Она вынула откуда-то колоду карт. Мы расселись кругом и принялись играть в подкидного.

Кто бы сомневался, что выиграет Королева. Она тихонечко посмеивалась, победно взирая на нас своими чернющими глазами.

— Опять своими королевскими штучками пользовалась?! — возмутился Лебедь, — Так нечестно!

— Научись проигрывать красиво, Лебедь, — усмехнулся Дарящий.

— Это ты так утешаешь себя тем, что все время проигрываешь? — заржал Голубь.

— А с черной кровью ты не был таким противным, — задумался Дарящий, — Может, затащим его обратно в тоннель? Полежит, подумает хорошенько о своем поведении…

— Мальчишки… — Королева хлопнула себя рукой по лбу.

Мы просидели так до рассвета, играя, переругиваясь, смеясь, схватившись за бока. Другие Тени, привлеченные шумом, тоже подтянулись, а мы с удовольствием приняли их в свою компанию. По крайней мере, я была точно довольна.


— Смотри, снег пошел…

Я задрала лицо кверху. Снежинка растаяла на моих губах, оставив после себя холодную воду.

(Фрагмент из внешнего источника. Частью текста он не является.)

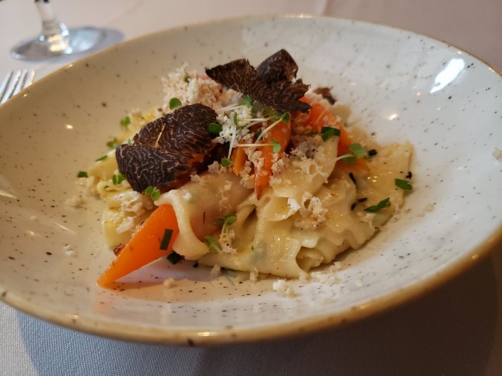 We both really liked the flavors and textures. Next came pappardelle with black truffles. Black truffles are the cat’s meow and we were excited to try this.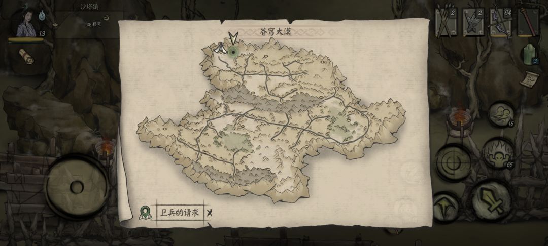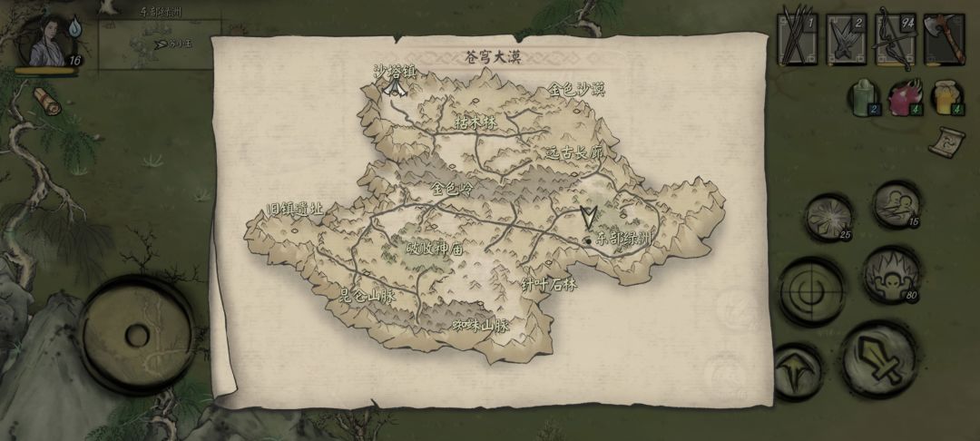 支线任务支线壹-救护小玉 在完成主线任务后,我们正好可以在沙塔镇的NPC-苏采溪那里接取支线任务-送信,我们需要找到她的妹妹苏小玉。 来到针叶石林的营地,我们和雪松交谈,得知小玉去东部绿洲采药未归,需要我们前去一探究竟。 如图,我们到达东部绿洲的西南角,发现小玉妹妹正在crying,我们上前询问,需要我们收集5个柿子或桃子帮小玉缓解一下低血糖(还好你没要5个赤芍,勾起我不好的回忆),给足果实吃

В Прихожей, как всегда, был холодный зимний вечер. Лебедь ежился от холода, снежинки таяли в его темных волосах, щеки раскраснелись. Мне впервые было холодно здесь, кончики пальцев онемели, волосы взмокли, дыхание паром вырывалось из носа.

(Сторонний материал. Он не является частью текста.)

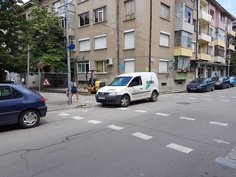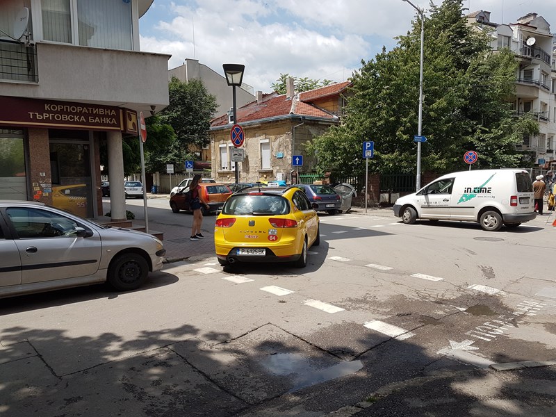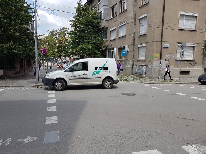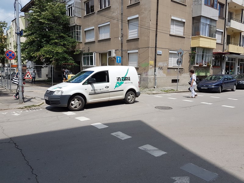 Един куриер и един бакшиш са паркирали в самото кръстовище между улиците "Хан Крум" и "Доктор Петър Берон". И двамата са спрели на пешеходна пътека, докато една лелка, отговаряща за платените паркоместа гледаше нарушителите съвсем безучастно. Най-вероятно жената се интересува само от това, дали може да им вземе парите за платен паркинг. А това, че са спрели като румънци на селски мегдан не я засяга особено.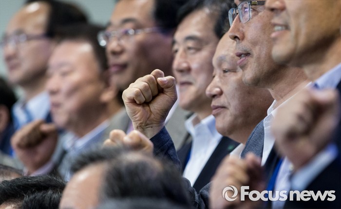(양평=포커스뉴스) 17일 오후 경기 양평 강하면 블룸비스타에서 열린 2016년도 한국선주협회 사장단 연찬회에서 김영석 해양수산부 장관을 비롯한 참석자들이 파이팅을 외치며 기념촬영을 하고 있다.

— И это странно, — сказал Лебедь, — Раньше здесь не никогда не шел снег.

— И мне никогда не было холодно здесь, — сказала я, — Гляди, даже снег не тает. Я что, потеряла свою силу?

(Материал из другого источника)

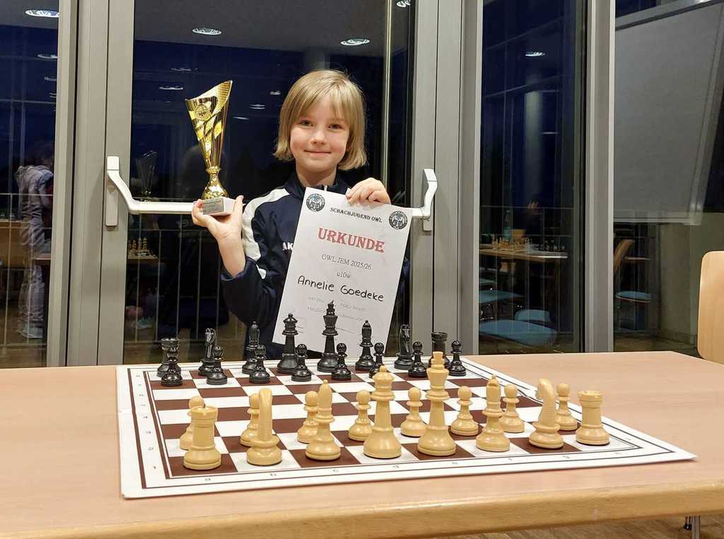 Mit einem Paukenschlag beginnen die OWL-Jugendeinzelmeister-schaften aus Rhedaer Sicht. Annelie Goedeke (9 Jahre) gewinnt mit 4,5 Punkten aus fünf Runden den OWL-Titel in der U10w.

— Не потеряла, — успокоил меня Лебедь, — Просто это знак. Причем очень плохой знак.

— Что-то плохое случится? Интересно, что?

— Я не знаю. Но мне это очень не нравится.

— Что делать тогда?

— Пойдем на юг.

Мы шли по глубокому снегу, оставляя косой след, с трудом поднимая замерзшие ноги. Ветер развевал одежду, пробирался до неё, шарил по коже, трепал волосы. Вдали виднелись приветливые огни, но сколько бы мы не шли, они не приближались, только удалялись.

— Под ногами! — вдруг вскрикнул Лебедь.

Я посмотрела вниз. Заледеневшее озеро. Под коркой льда была не вода, а…

— Что за…

Всё исчезло, осталось только это озеро. Я, как завороженная, наблюдала за неясными мелькающими образами.

Зеленоволосый в вагоне поезда. Неосмысленный взгляд глаз, в которых отражались огни и линии. Окружен пальто, шляпами, перчатками. Окружен серым. Корни отрасли еще больше, волосы тусклые, грязные, мышиного цвета. Со стороны кажется, что он ест, пьет, дышит, а значит живет. Вот именно, что кажется: он лишь пустая оболочка, отдаленно напоминающая человека. Имитация жизни, ходячий алгоритм «нормальности».

Вечность пал, сраженный болезнью. Он умирал медленно, страшно. Кашель, кровь, мокрота, рвота, холод и жар. Лихорадка, горячка, бред, сны-осколки, от которых не увернуться. Восковая кожа, пот, стекающий со лба, кровь, смешанная с мокротой, румянец, высохшие губы, жар, волнами исходящий от него. Склонившиеся Халаты, крики, плач, бессилие и невозможность помочь. И Кит, пожалевший о своей упрямости. Перед тем, как Вечность ушел, они наконец помирились — но разве стоит оно того? Стоило ли так тянуть?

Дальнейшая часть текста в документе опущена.